* Data excerpt *
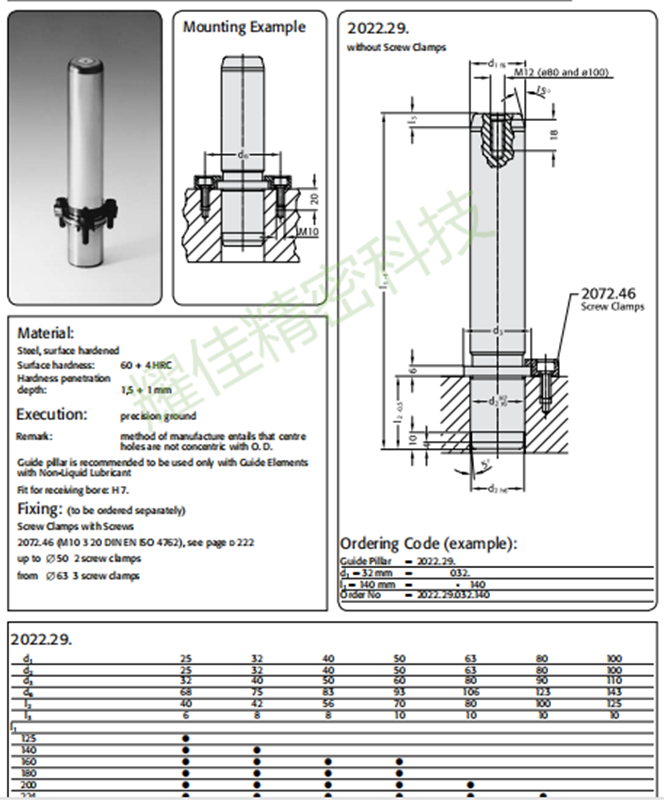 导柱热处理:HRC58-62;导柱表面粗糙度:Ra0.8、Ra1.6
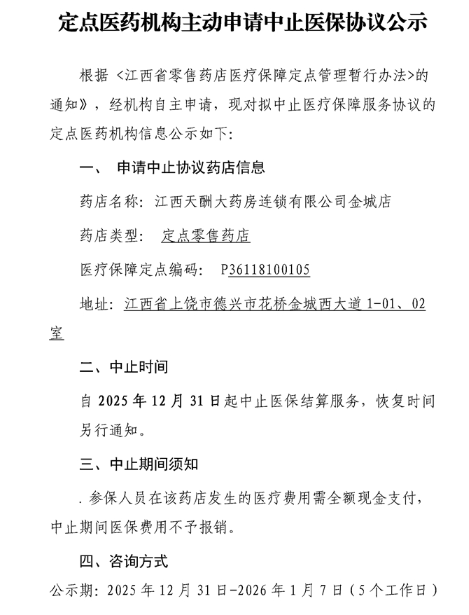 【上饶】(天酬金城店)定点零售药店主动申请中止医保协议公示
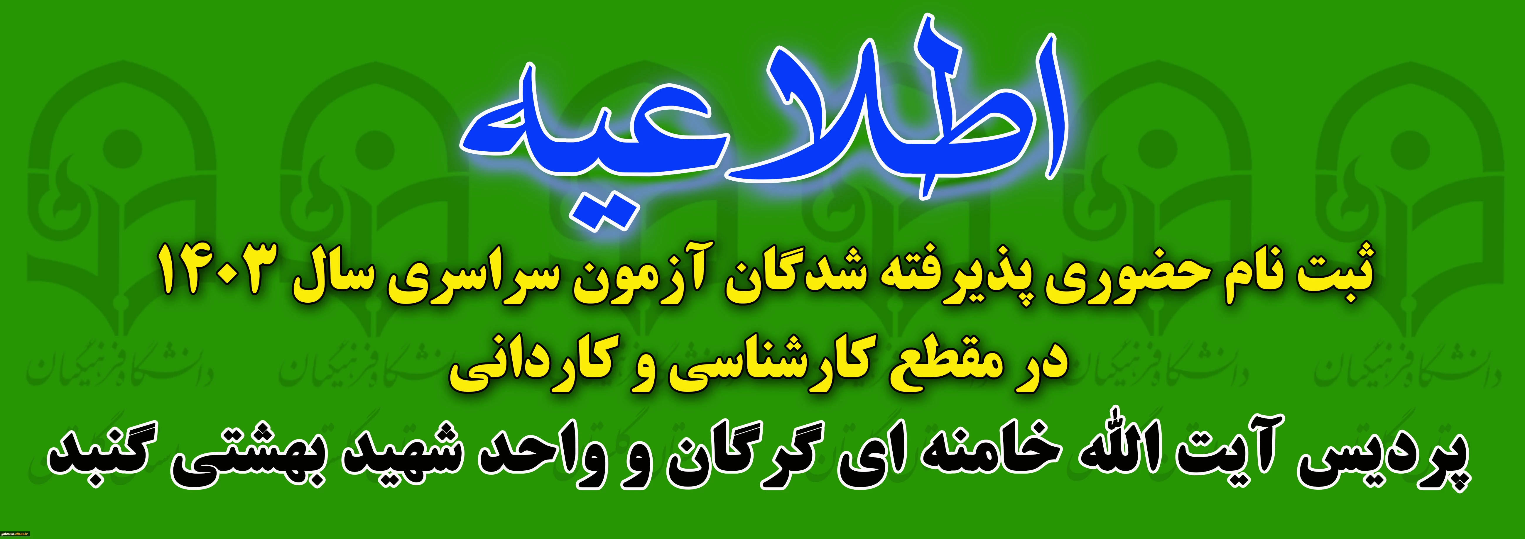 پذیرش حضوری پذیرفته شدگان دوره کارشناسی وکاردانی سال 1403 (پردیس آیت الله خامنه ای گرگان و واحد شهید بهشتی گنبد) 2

* Directions *
Once the pictures are removed, repeat all of the data above exactly.

* Answer to this exercise *
 导柱热处理:HRC58-62;导柱表面粗糙度:Ra0.8、Ra1.6
 【上饶】(天酬金城店)定点零售药店主动申请中止医保协议公示
 پذیرش حضوری پذیرفته شدگان دوره کارشناسی وکاردانی سال 1403 (پردیس آیت الله خامنه ای گرگان و واحد شهید بهشتی گنبد) 2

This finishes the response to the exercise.